Szymon Malicki (GLKS Nadarzyn): Od początku było wiadomo, że goście są w tym spotkaniu faworytem. Chcieliśmy im stawić opór. Pierwsza gra to dobry pojedynek Marcina Kusińskiego z Danielem Górakiem. Wyniki setów wyjaśniały się w samych końcówkach. Ja w meczu z Wandżim nie miałem żadnych szans. On był bardzo dobrze przygotowany do tej gry, a ja słabo się zaprezentowałem i byłem bardzo roztrzęsiony w całej partii. Zbyszek Grześlak pokazał się dzisiaj z bardzo dobrej strony.

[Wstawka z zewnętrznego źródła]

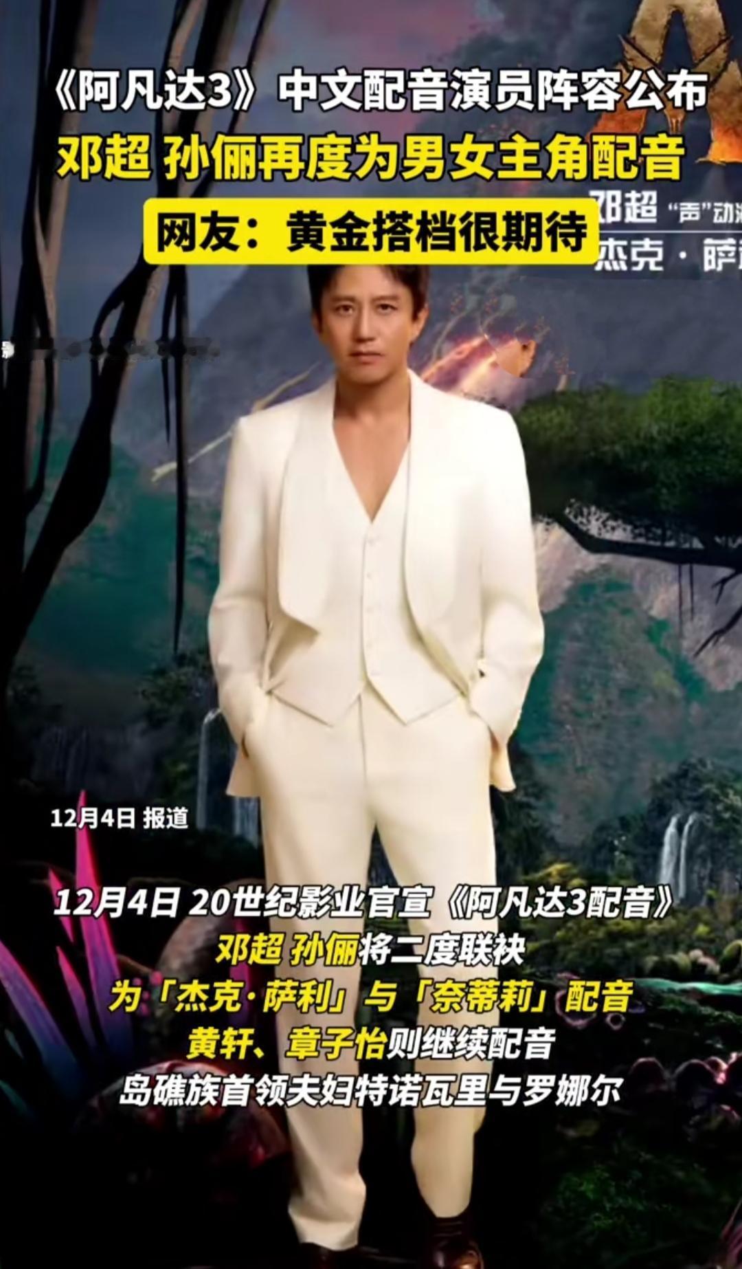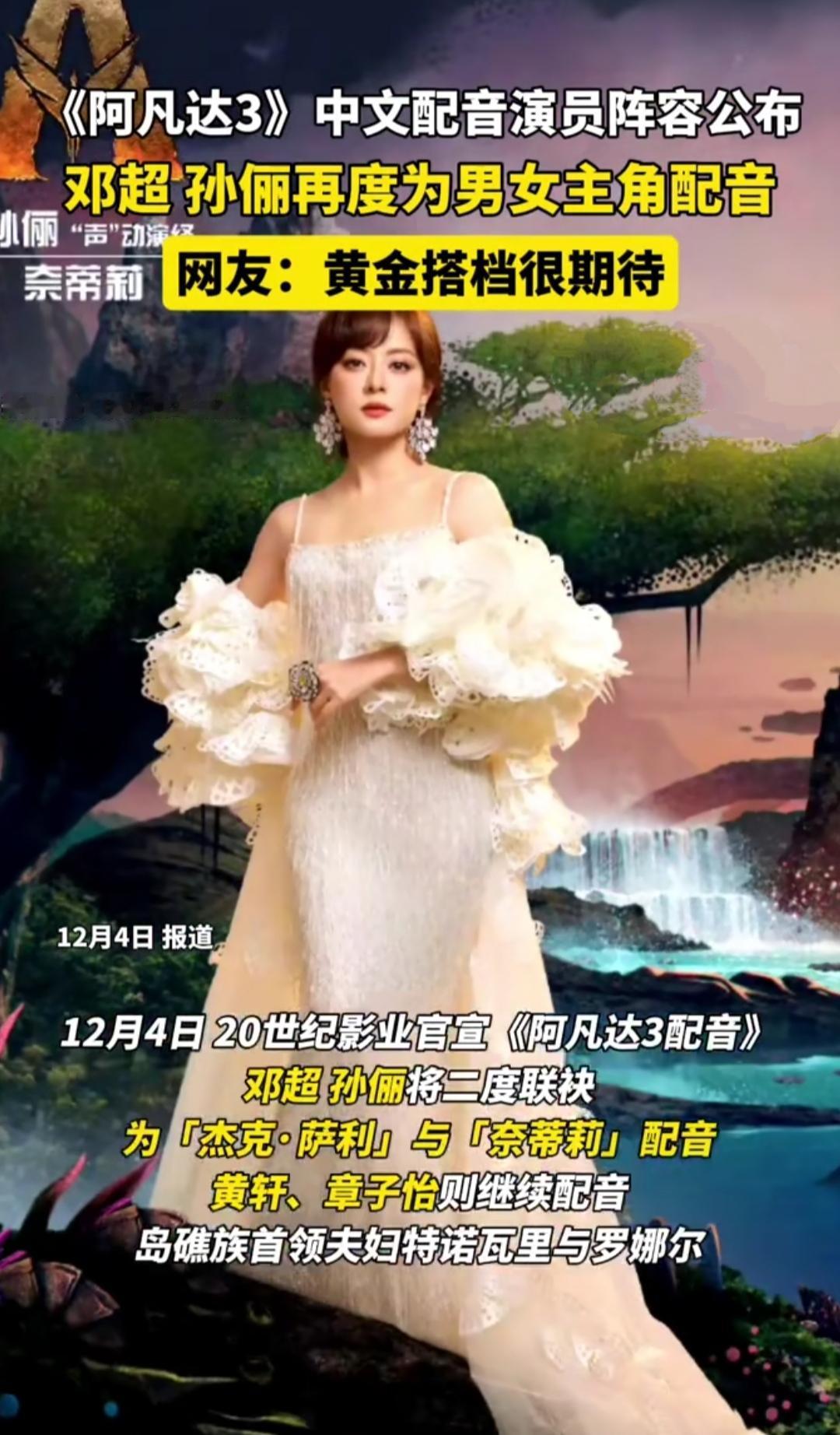 等了这么久的《阿凡达3》终于有新动静!中文配音阵容一官宣,直接戳中影迷的心巴——邓超、孙俪、黄轩、章子怡全员回归,还是熟悉的配方! 一部电影的配音有多重要?当年《水之道》里,邓超配的杰克满是硬汉柔情,孙俪的奈蒂莉爆发力十足,他们的声音早就和角色绑在了一起。原班人马回归,不只是省了磨合的功夫,更是守住了影迷的情怀。 这次影片不仅是同步上映,195分钟的片长还是系列最长,光想想就觉得过瘾。从第一部到现在,一晃这么多年,有人从学生党变成了上班族,不变的是对潘多拉星球的向往。 好故事配好配音,才能让情怀不翻车。12月19日,一起走进影院,再赴这场跨越多年的潘多拉之约,想必不会失望!

Szkoda, bo trochę nie miał szczęścia w końcówkach. Grał bardzo dobrze, ale nie udało się.


 W ubiegłych rozgrywkach byliście beniaminkiem i walczyliście o utrzymanie. Teraz macie silniejszy skład i chyba wypada wam walczyć o środek tabeli. Jak oceniasz waszą grę po tych kilku kolejkach w tym sezonie?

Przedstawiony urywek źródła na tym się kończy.